# Requirement
Only the lines below from the one with "92 - أبو خَيْرة" through the one with "趣繪不銹鋼分格餐盒(帶餐具)" are to be written out, exactly and without any images.

━━ Given data

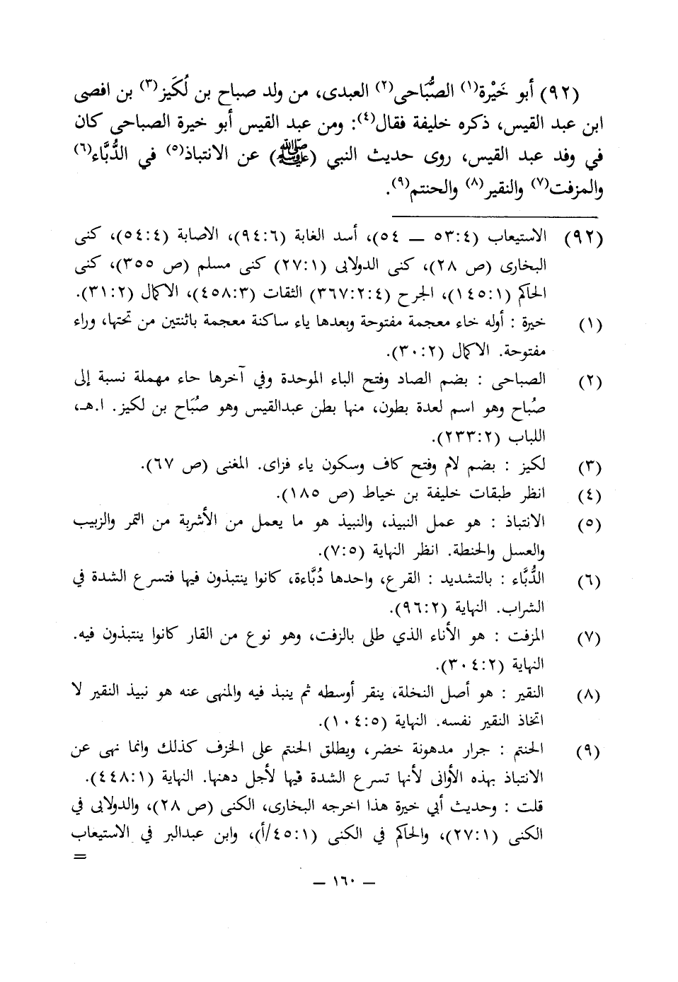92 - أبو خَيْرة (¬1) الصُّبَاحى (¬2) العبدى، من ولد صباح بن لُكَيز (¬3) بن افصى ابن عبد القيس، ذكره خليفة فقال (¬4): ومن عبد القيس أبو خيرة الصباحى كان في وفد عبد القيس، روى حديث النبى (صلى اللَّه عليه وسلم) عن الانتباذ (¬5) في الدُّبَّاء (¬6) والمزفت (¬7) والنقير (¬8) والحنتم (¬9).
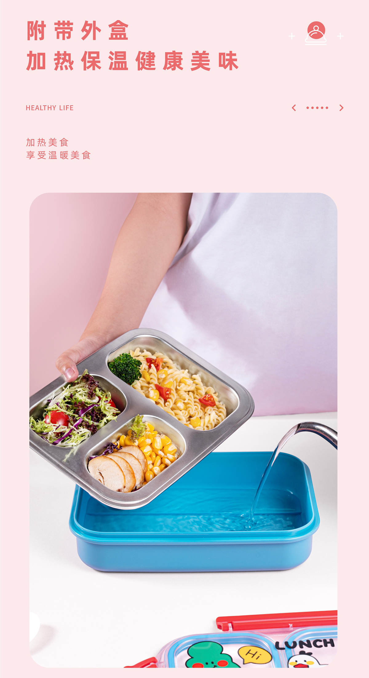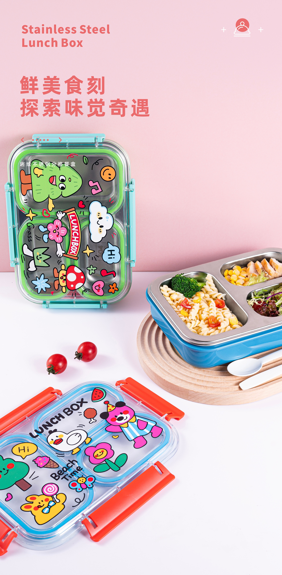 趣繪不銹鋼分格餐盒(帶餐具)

━━━━
━━ Given data

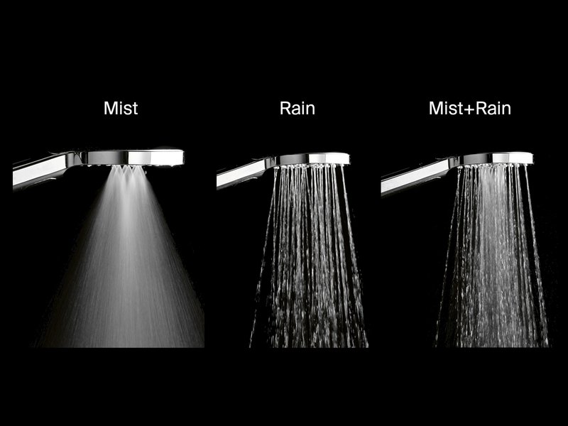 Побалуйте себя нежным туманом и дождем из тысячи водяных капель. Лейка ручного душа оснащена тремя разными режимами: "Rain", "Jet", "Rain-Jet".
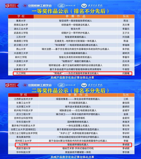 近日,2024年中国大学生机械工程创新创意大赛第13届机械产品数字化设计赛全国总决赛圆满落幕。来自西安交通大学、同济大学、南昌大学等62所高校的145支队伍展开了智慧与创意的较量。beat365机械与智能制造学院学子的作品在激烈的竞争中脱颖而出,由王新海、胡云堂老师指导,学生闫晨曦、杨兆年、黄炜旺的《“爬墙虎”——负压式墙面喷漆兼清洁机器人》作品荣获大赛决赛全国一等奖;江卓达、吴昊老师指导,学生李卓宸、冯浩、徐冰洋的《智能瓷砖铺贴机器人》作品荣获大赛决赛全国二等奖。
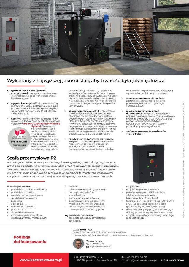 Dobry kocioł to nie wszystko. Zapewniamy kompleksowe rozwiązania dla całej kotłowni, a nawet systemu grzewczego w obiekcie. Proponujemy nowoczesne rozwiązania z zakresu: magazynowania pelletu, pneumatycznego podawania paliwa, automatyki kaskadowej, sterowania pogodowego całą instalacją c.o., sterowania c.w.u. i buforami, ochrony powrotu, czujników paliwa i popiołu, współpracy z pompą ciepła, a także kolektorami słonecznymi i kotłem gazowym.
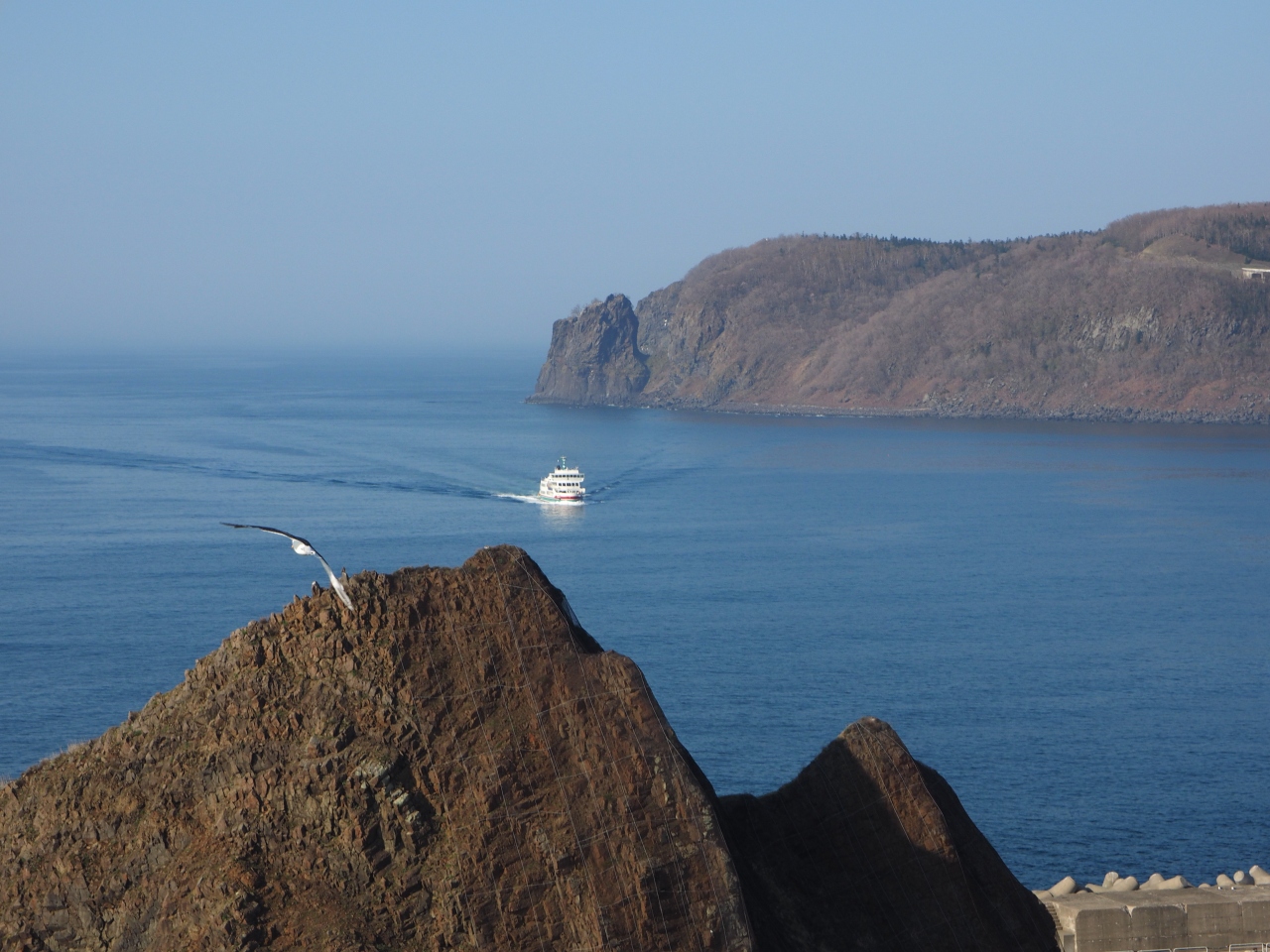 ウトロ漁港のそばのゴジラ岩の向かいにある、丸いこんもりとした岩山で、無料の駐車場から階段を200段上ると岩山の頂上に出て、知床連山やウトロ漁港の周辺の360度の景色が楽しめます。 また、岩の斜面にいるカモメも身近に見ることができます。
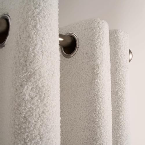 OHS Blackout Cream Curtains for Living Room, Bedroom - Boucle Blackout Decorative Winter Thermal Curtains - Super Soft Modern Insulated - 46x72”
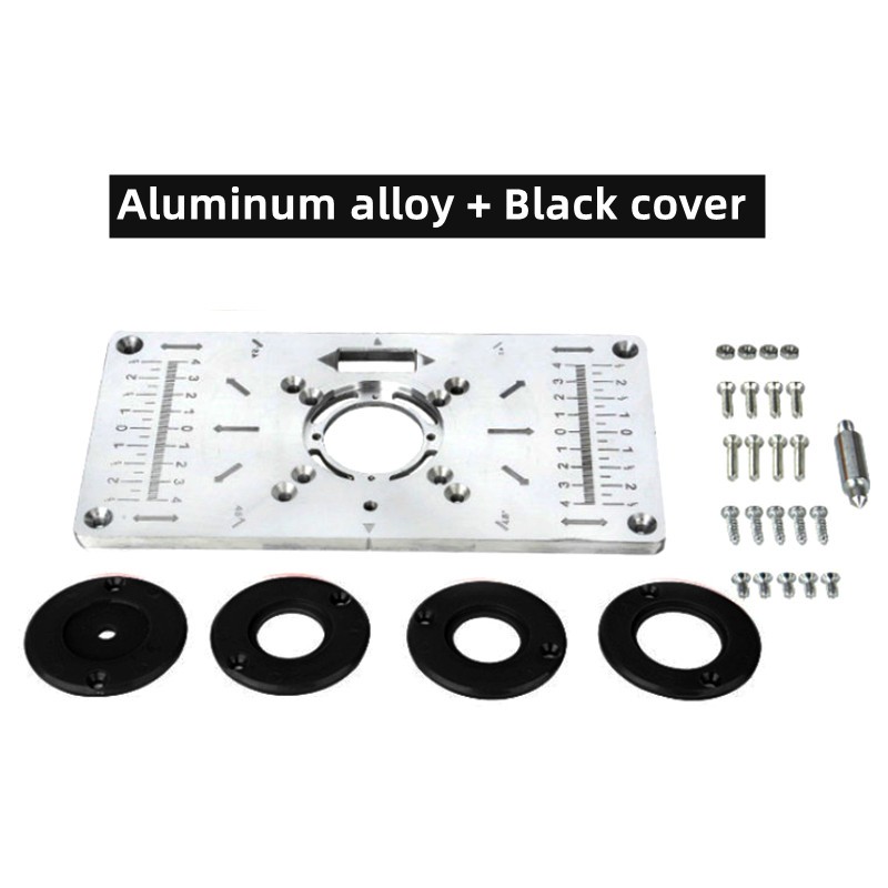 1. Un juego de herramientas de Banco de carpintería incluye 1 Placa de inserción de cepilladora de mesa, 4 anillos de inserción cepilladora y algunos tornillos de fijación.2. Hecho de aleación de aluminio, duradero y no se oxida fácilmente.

━━━━

# Written response
92 - أبو خَيْرة (¬1) الصُّبَاحى (¬2) العبدى، من ولد صباح بن لُكَيز (¬3) بن افصى ابن عبد القيس، ذكره خليفة فقال (¬4): ومن عبد القيس أبو خيرة الصباحى كان في وفد عبد القيس، روى حديث النبى (صلى اللَّه عليه وسلم) عن الانتباذ (¬5) في الدُّبَّاء (¬6) والمزفت (¬7) والنقير (¬8) والحنتم (¬9).
 趣繪不銹鋼分格餐盒(帶餐具)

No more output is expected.